EXERCISE REQUIREMENTS:
Starting at the line holding "Die Mühe hat" and finishing at the line holding "Figura 4. Típico", transcribe the material exactly, keeping both ends but no pictures.

SUPPLIED DATA:
━━━━━━━━━━━━━━━━

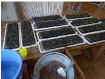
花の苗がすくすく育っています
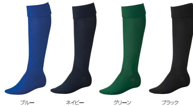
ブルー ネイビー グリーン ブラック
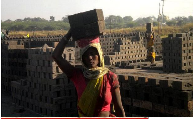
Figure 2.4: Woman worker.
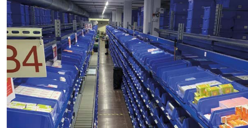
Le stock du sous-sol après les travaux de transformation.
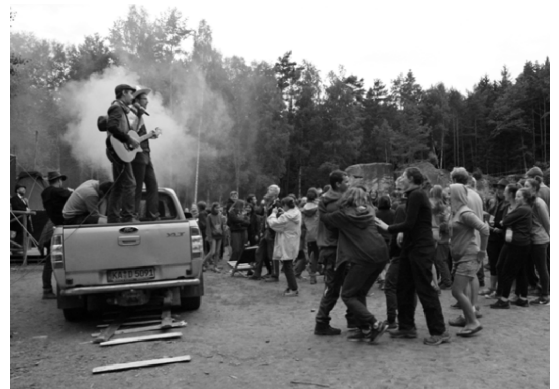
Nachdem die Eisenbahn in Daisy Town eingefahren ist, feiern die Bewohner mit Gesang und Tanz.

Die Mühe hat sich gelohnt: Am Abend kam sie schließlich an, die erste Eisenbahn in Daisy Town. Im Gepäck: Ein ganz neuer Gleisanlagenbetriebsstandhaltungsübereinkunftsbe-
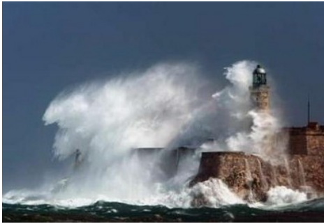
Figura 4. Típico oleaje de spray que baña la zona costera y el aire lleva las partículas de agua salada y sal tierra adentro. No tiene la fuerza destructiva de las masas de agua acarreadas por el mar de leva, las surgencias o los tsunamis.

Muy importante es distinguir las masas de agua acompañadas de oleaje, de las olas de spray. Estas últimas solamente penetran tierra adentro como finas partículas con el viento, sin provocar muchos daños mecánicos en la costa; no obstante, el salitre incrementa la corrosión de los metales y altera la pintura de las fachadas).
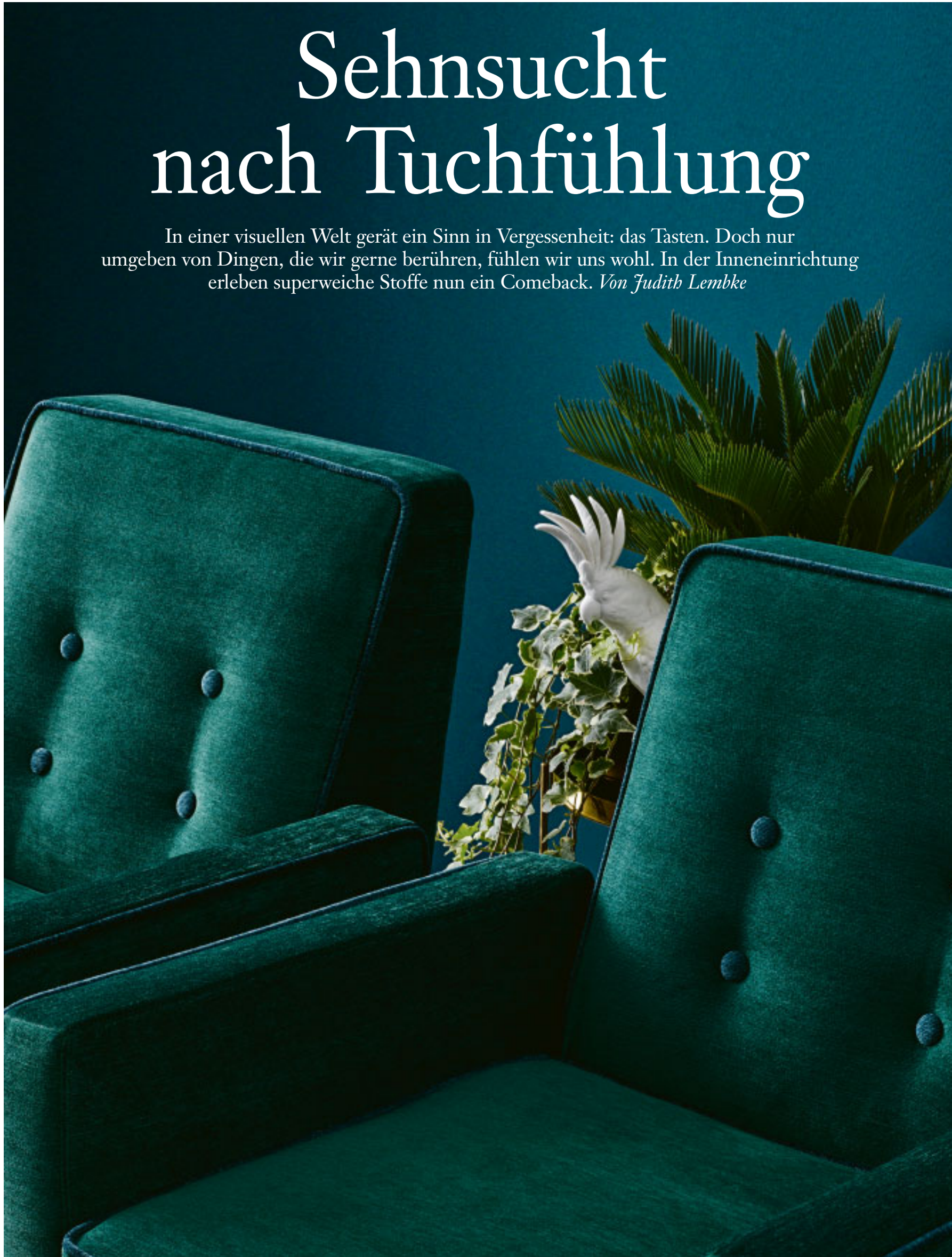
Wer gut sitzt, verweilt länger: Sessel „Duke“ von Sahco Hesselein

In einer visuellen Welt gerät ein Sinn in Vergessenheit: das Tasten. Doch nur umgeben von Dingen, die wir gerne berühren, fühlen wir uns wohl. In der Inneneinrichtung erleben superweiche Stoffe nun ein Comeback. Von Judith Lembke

━━━━━━━━━━━━━━━━

RESULT FOR THIS TASK:
Die Mühe hat sich gelohnt: Am Abend kam sie schließlich an, die erste Eisenbahn in Daisy Town. Im Gepäck: Ein ganz neuer Gleisanlagenbetriebsstandhaltungsübereinkunftsbe-
Figura 4. Típico oleaje de spray que baña la zona costera y el aire lleva las partículas de agua salada y sal tierra adentro. No tiene la fuerza destructiva de las masas de agua acarreadas por el mar de leva, las surgencias o los tsunamis.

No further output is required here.